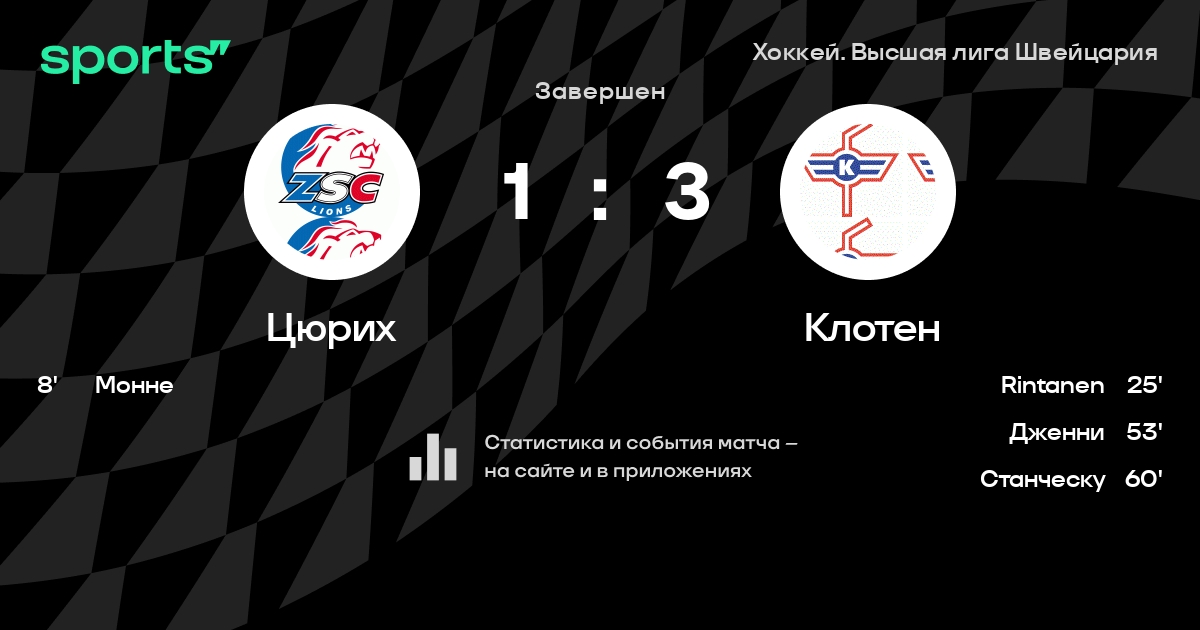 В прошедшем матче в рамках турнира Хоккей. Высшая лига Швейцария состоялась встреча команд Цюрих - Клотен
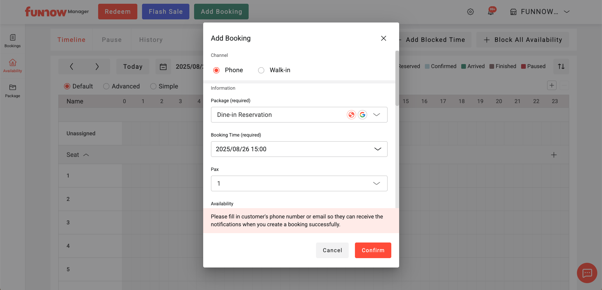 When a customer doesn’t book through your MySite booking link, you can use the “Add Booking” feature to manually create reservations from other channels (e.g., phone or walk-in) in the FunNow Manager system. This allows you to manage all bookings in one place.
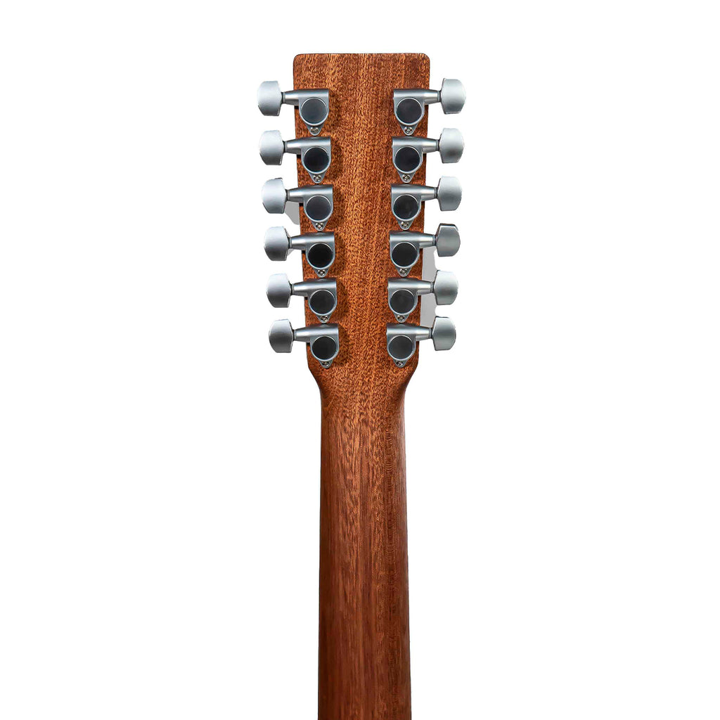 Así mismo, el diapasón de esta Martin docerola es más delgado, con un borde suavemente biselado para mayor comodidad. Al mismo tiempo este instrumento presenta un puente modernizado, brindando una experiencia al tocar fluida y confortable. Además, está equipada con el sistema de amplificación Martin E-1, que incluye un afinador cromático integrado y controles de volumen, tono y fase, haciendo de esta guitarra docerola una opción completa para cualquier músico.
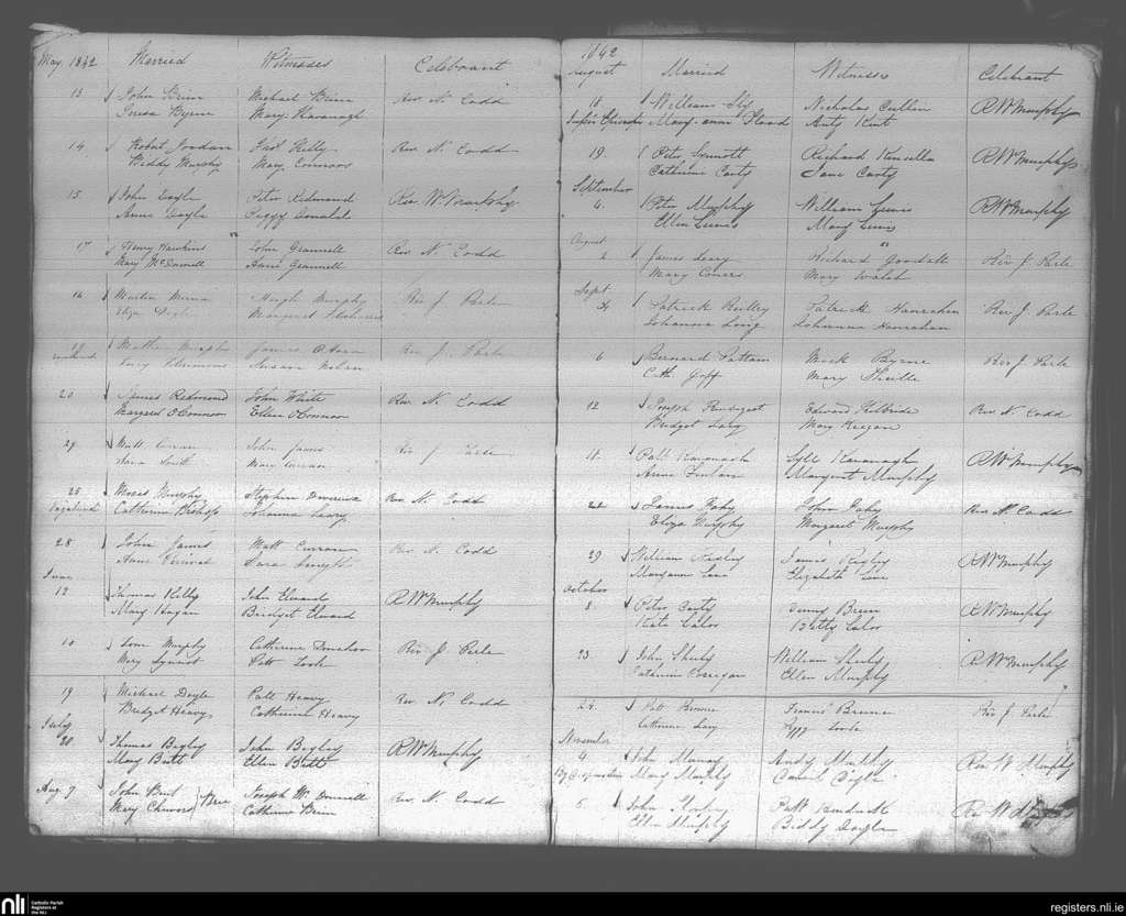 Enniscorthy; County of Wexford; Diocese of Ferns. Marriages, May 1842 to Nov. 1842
- - - -
● **Brief**:
The copy must match the listing above exactly but contain no pictures.

● **Task response**:
 В прошедшем матче в рамках турнира Хоккей. Высшая лига Швейцария состоялась встреча команд Цюрих - Клотен
 When a customer doesn’t book through your MySite booking link, you can use the “Add Booking” feature to manually create reservations from other channels (e.g., phone or walk-in) in the FunNow Manager system. This allows you to manage all bookings in one place.
 Así mismo, el diapasón de esta Martin docerola es más delgado, con un borde suavemente biselado para mayor comodidad. Al mismo tiempo este instrumento presenta un puente modernizado, brindando una experiencia al tocar fluida y confortable. Además, está equipada con el sistema de amplificación Martin E-1, que incluye un afinador cromático integrado y controles de volumen, tono y fase, haciendo de esta guitarra docerola una opción completa para cualquier músico.
 Enniscorthy; County of Wexford; Diocese of Ferns. Marriages, May 1842 to Nov. 1842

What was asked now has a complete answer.